As an essential component of cuticle, CPRs play important roles in the adaptation of arthropods to the habitat changes, especially to environmental stresses. P. psuedoannulata wanders in varied ecosystems including farm fields and faces complex environmental challenges, including low temperature in winter and insecticides exposure. Using the transcriptomic data from overwintering spiders and nitenpyram-treated spiders, we investigated the transcriptional responses of CPR genes to the two stresses. The majority of CPR genes were expressed at higher level in Sept. and Oct., and along with the drop in temperature, a large number of CPR genes were down regulated and significantly to ground level in Nov. Dec. and Jan. (Fig. 6a). The downregulation of CPR genes is in consistent with the observation that P. pseudoannulata did not molt during overwintering. However, one CPR gene Papse09523 was upregulated in the course of overwintering though at a medium expression level among all CPRs (Fig. 6b), and the functions of this gene in cold tolerance triggers further investigation.
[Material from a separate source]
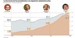 Con Felipe Calderón los pasivos se elevaron a 5.9 billones de pesos y llegó a 37.2% en relación con el PIB.

Interestingly, Papse16785 kept down-regulated during overwintering whereas it was significantly up-regulated after acute 0 °C exposure in our previous work (CPR12)19, suggesting that it might contribute to the different mechanisms underlying short-term and long-term coldness tolerance. In the nitenpyram-exposure spiders, ten CPR genes were noticeable for their different transcriptional levels from those in control spiders (Fig. 6c). Three CPR genes (Papse06745, Papse11013 and Papse17376) were significantly up-regulated and they all encoded CPRs belonging to RR-1 subfamily. Seven CPR genes were noticeably down-regulated and six (Papse11014-Papse11024) were located in a gene cluster of 12 genes in chromosome 10. We previously reported several CPR genes were involved in P. pseudoannulata’s responses to different stresses19. Therefore, CPR genes might respond to chemical stresses in a coordinative way. The present study provides more valuable information on the genomic distribution and transcriptional responses to stresses of CPR genes for further functional studies.

Data Records

The RNA-seq data were deposited in the SRA at NCBI for Iso-seq (SRR19534759)58, overwintering (SRR22498904-SRR22498907, SRR22498911, SRR22498913- SRR22498922)59, and nitenpyram-exposure (SRR26044769- SRR26044774)60. The genome assembly and annotation files are available in Figshare (https://doi.org/10.6084/m9.figshare.24190083)61 and GenBank under the accession JAGEOH00000000062.

Technical Validation

We detected possible contaminant sequences via blastn-like searches against the NCBI nucleotide (nt) and UniVec databases with a sequence identity of 0.8 (‘-min-seq-id 0.8’) using MMseqs. 2 v12-113e363. Sequences with over 80% hits were checked via online BLASTN analysis in the NCBI nucleotide database. Sequences with over 90% hits in the databases were considered contaminants and removed from the assembled scaffolds.

The completeness of assembly was evaluated with BUSCO V5.4.464 searching the arthropoda_odb 10 dataset (n = 1,013). The mapping rate was assessed by mapping the clean reads of Illumina and PacBio sequences to the genome assembly using Minimap2. The genome completeness assessed via BUSCO was 96.2% (Table 3).

On the basis of BUSCO analysis, the predicted protein-coding genes were identified 971 (95.8%) complete, 109 (10.8%) duplicated, 22 (2.2%) fragmented, and 20 (2.0%) missing orthologs (Table 4).